Records supplied =>
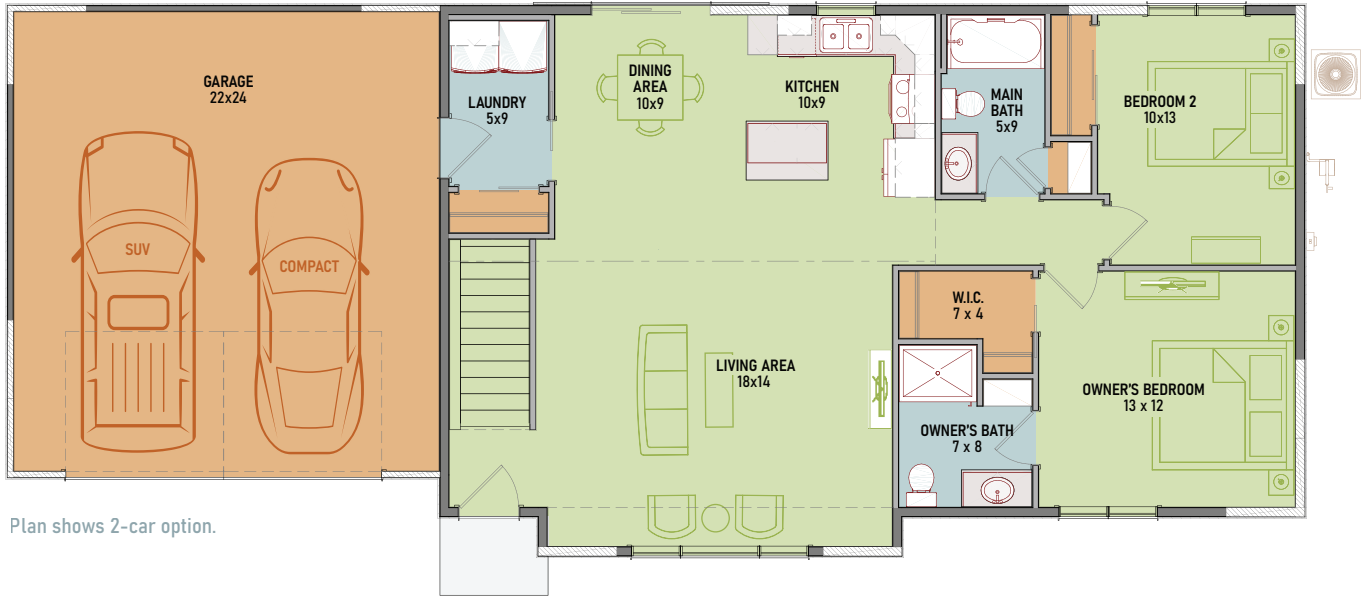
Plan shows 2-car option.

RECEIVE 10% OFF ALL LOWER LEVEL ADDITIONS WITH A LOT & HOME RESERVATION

...

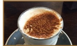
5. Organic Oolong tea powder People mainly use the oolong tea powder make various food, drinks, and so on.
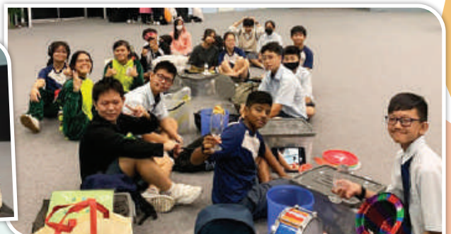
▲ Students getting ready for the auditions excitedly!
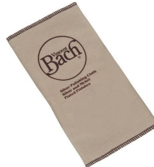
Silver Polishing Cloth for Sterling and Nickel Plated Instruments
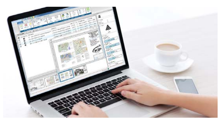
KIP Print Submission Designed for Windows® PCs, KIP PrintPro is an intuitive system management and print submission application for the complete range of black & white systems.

How to complete this task => From the records above, quote word for word only the lines beginning at the line that has "the auditions excitedly!" and stopping after the line that has "KIP Print Submission". Omit the pictures.

Result =>
▲ Students getting ready for the auditions excitedly!
Silver Polishing Cloth for Sterling and Nickel Plated Instruments
KIP Print Submission Designed for Windows® PCs, KIP PrintPro is an intuitive system management and print submission application for the complete range of black & white systems.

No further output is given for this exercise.